Definition. Let $m$ and $n$ be two natural numbers, and let $\beta_m : \mathbb{N}_0 \rightarrow \mathbb{N}_0$ be the function from the set $\mathbb{N}_0$ into itself defined in Proposition [#nst-prop-multiplication-recursion]. Set

\begin{equation}
m \cdot n := \beta_m(n).
\end{equation}

The operation

$$\cdot : \mathbb{N}_0 \times \mathbb{N}_0 \rightarrow \mathbb{N}_0, (m, n) \mapsto m \cdot n$$

is called the multiplication of natural numbers. The element $m \cdot n$ is called the product of the natural numbers $m$ and $n$. We often write $mn$ instead of $m \cdot n$.

French / German. Multiplication of natural numbers = Multiplication des entiers naturels = Multiplikation natürlicher Zahlen. Product = Produit = Produkt.

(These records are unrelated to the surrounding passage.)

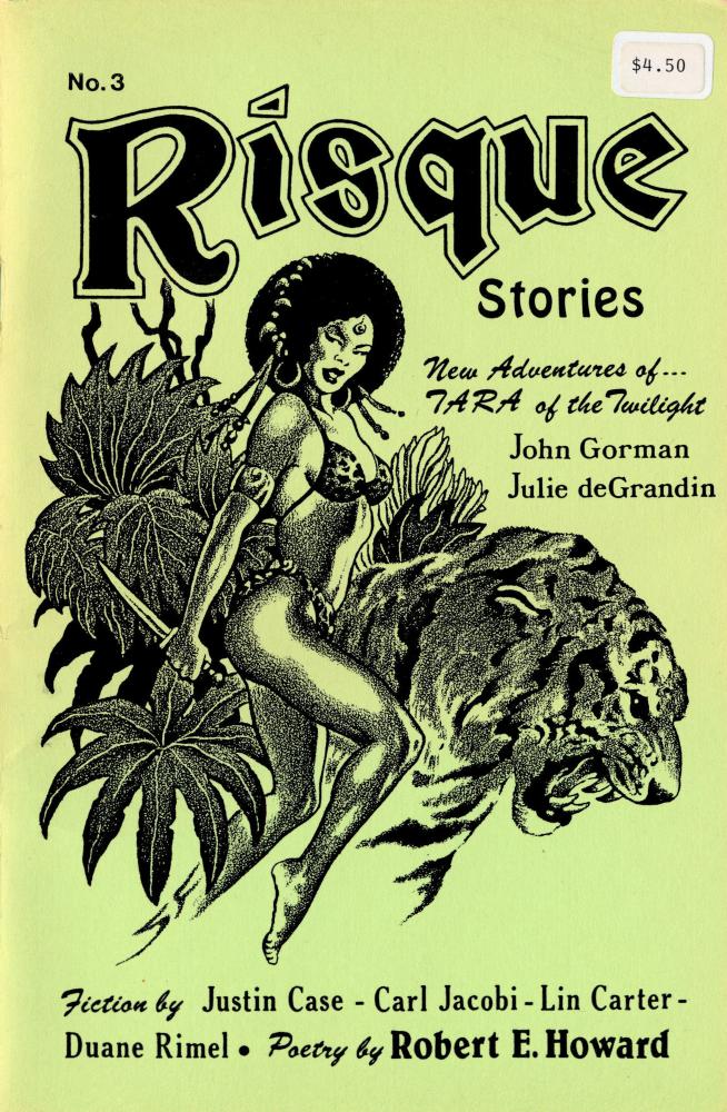 Collection of stories and poems that emulated in content the old spicy pulps. Foreplay • essay by Robert M. Price Woman of the Witch-Flowers • short story by Carl Jacobi Woman of the Witch-Flowers • interior artwork by Barbara LaPlaca House of Dark Desire • short story by Hugh B. Cave [as by Justin Case] House of Dark Desire • interior artwork by Barbara LaPlaca Pale Shadow • [Tara of the Twilight] • short story by Lin Carter Pale Shadow • interior artwork by Barbara LaPlaca Jungle Curse • [John Gorman] • short story by Marc Cerasini and Charles Hoffman [as by Marc A. Cerasini and Charles Hoffman] Jungle Curse • interior artwork by Barbara LaPlaca The Gift • short story by Duane W. Rimel [as by Duane Rimel] The Harlot • poem by Robert E. Howard Julie de Grandin, Psychic Sleuth in "Paris Nitelife" • [Julie de Grandin] • short fiction by Will Murray Julie de Grandin, Phychic Sleuth in "Paris Nitelife" • interior artwork by Mike Harris The Spicy Scribes • essay by Will Murray Readers' Rendezvous • essay by uncredited Letter (Risque Stories #3) • essay by Dixon Smith
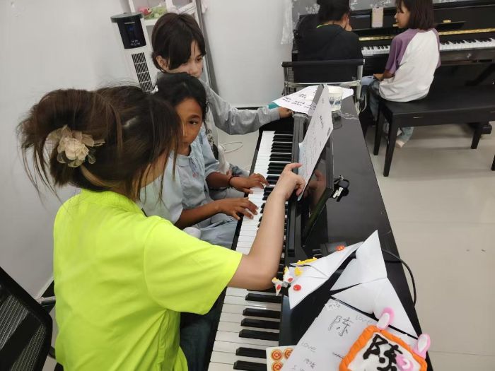 实践过程中,志愿者们将专业知识转化为生动有趣的实践活动。 在“奇妙的琴键”钢琴启蒙课上,志愿者们从最简单的音符、指法开始,耐心地一对一指导从未接触过钢琴的孩子们。照片中,志愿者俯身在一旁,轻轻握着孩子的手,引导其在键盘上按下正确的音符,孩子全神贯注,眼中充满了对音乐世界的好奇与探索的渴望。短短数日,一些孩子已能弹奏出《小星星》等简单旋律,成就感溢于言表。
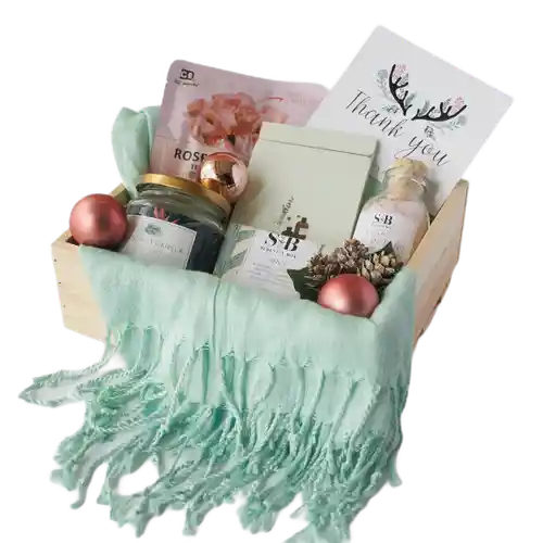 Pashmina, vela aromática 130gr, jabón de menta, espejo, Sales de baño de rosas, mascarilla facial de rosas, Caja de madera y tarjeta de navidad.

Theorem. The multiplication in the set $\mathbb{N}_0$ is associative, that is, we have

\begin{equation}
(k m) n = k (m n) \mbox{ for all } k, m, n \in \mathbb{N}_0.
\end{equation}

Theorem. The multiplication in the set $\mathbb{N}_0$ is commutative, that is, we have

\begin{equation}
m n = n m \mbox{ for all } m, n \in \mathbb{N}_0.
\end{equation}

Theorem. The distributive laws hold in the set $\mathbb{N}_0$, that is:

(a) We have

\begin{equation}
k (m + n) = k m + k n \mbox{ for all } k, m, n \in \mathbb{N}_0.
\end{equation}

(b) We have

\begin{equation}
(k + m) n = k n + m n \mbox{ for all } k, m, n \in \mathbb{N}_0.
\end{equation}

Theorem. Let $x$, $m$ and $n$ be three natural numbers.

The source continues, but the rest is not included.